We’re close to an age of recyclable disposable ‘instant’ cheap throw away tablets and phones.   It’s becoming less about the device and more about the content.  Satellite is changing this.  It is seeing the markets move and it is adapting to the change.  HBO gets this.  DISH gets this, most especially with the Hopper.  It’s all change all the time and it’s all about the bits.  Do you think the consumer cares about any of this, beyond the tribal marketing wars?  No.  They just want a service that works.  They don’t care whether its satellite or cable or wireless or mesh.  They only care about the bits. To borrow from the Remote Sensing world, it’s now all about the 5 Rs: getting the Right data to the Right person at the Right time in the Right format at the Right price. 

This is causing an increasing headache for regulators around the world.  I’d suggest they embrace being Digitally Agnostic too.  Riddle me this: if I’m sitting on a plane using in flight Wi Fi provided by satellite broadband to watch a movie on Netflix…is this an FSS or BSS or MSS service?

There is nothing wrong with the classic regulatory and market definition of FSS, BSS, and MSS.  It is how the industry has grown and our current regulations reflect this.  It does though perhaps need to change to remain relevant.  The market is changing, the laws of physics remain the same, but how we choose to regulate them may now also need to become Digitally Agnostic

In the age of Digital Agnosticism, is ViaSat-1 more than a High Throughput Satellite?  Is it the ultimate harbinger of change?

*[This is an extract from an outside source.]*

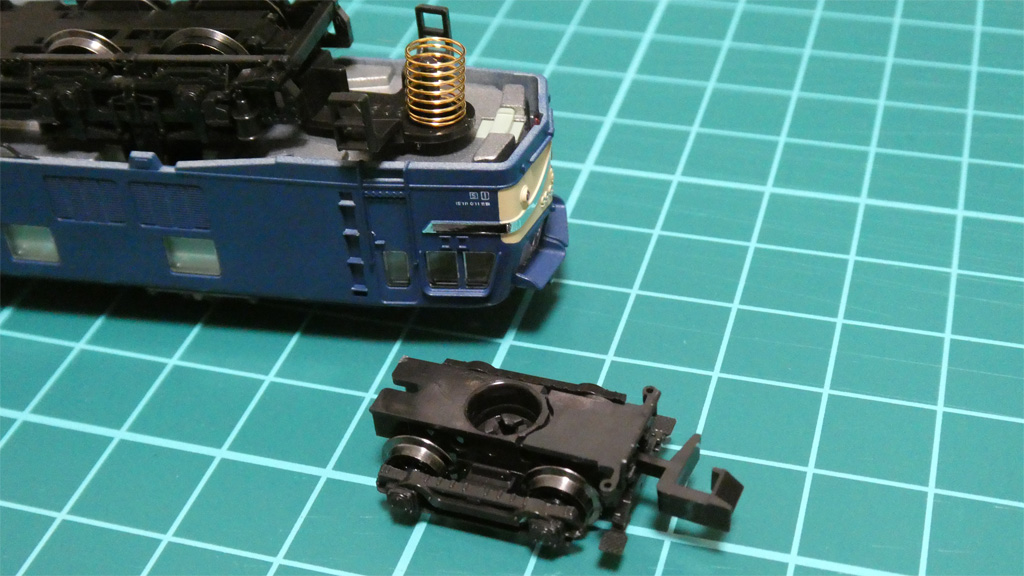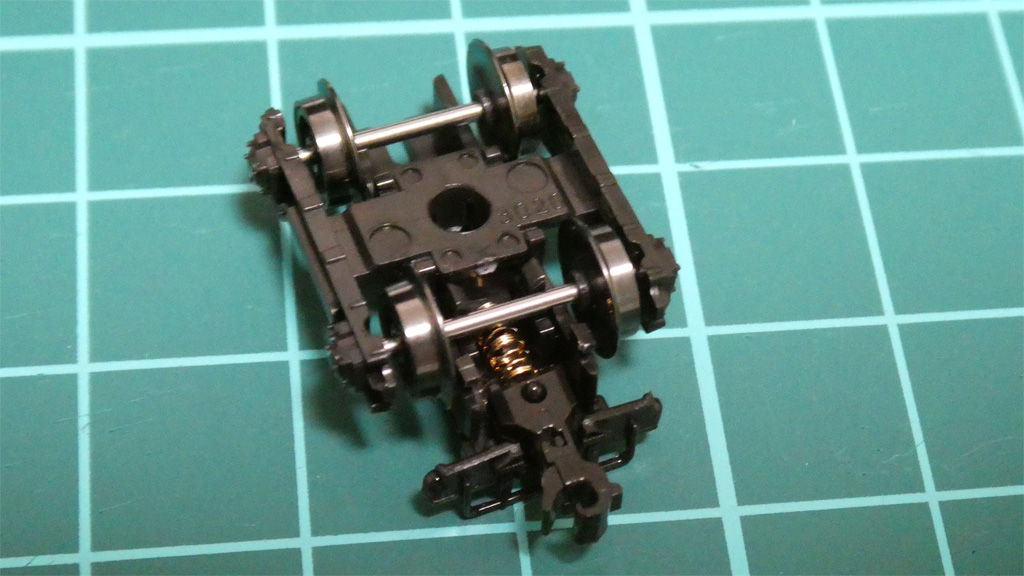 台車の軸が付いている板(スプリングを乗っけているところ)と先台車の間をこじる様な感じで外すのがやりやすいですかね。間違ってるかもしれませんけど。。

Satellite broadband is changing the very definition of communications.   Are we moving to an age of Digitally Agnostic satellite communications where there is no more FSS or BSS or MSS, but rather the transmission of pure digital data, no matter what the content of that data?  A real change for the regulation of satellites and for the societies and economics they serve?  

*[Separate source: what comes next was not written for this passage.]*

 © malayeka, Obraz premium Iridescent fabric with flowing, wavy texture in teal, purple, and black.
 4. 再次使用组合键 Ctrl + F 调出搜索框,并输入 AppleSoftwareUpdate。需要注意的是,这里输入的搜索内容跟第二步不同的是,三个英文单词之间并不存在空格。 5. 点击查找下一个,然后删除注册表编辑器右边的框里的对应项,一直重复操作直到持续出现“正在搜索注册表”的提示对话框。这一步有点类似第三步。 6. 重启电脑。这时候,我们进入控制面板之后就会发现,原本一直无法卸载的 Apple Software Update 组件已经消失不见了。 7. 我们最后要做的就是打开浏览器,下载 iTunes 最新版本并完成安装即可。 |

There is talk of the Internet of Everything, Personal Data Clouds, streaming all and everything with petabytes of data per person needed 24/7/365.  A veritable Tsunami of data needs in the Digital Renaissance is headed towards the human race and we can either be swamped by wave of digital change, or we can ‘be the wave’ and metaphorically surf it to success.  We need to remain calm and be Zen. 

After all, the wave needs us, desperately so: satellite is especially good for digital data.  Between the content provider and their customer is us, satellite, providing the ultimate conduit for the free communication of ideas.  As an industry, we need to be Digitally Agnostic.  We’re creating this age of Digital Agnosticism after all. It’s all about the satellites and the screen and it’s all about the contents of the bits. 

As the SSPI, we recognize that we must work to facilitate those connections on every platform and every screen possible for our members.  We’re not here to take sides in the Facebook versus Google+ versus Linked In debate or to choose one platform over another.   We have to be agnostic. We have to be now and for ever more Digitally Agnostic if we’re to succeed and thrive. 

Chris Stott

Chairman, SSPI www.sspi.org & Chairman & CEO, ManSat www.mansat.com

P.S. I won’t even begin to touch the ‘Freemium’ economy and its potential impact on satellite…and our Society.  That’s for another post.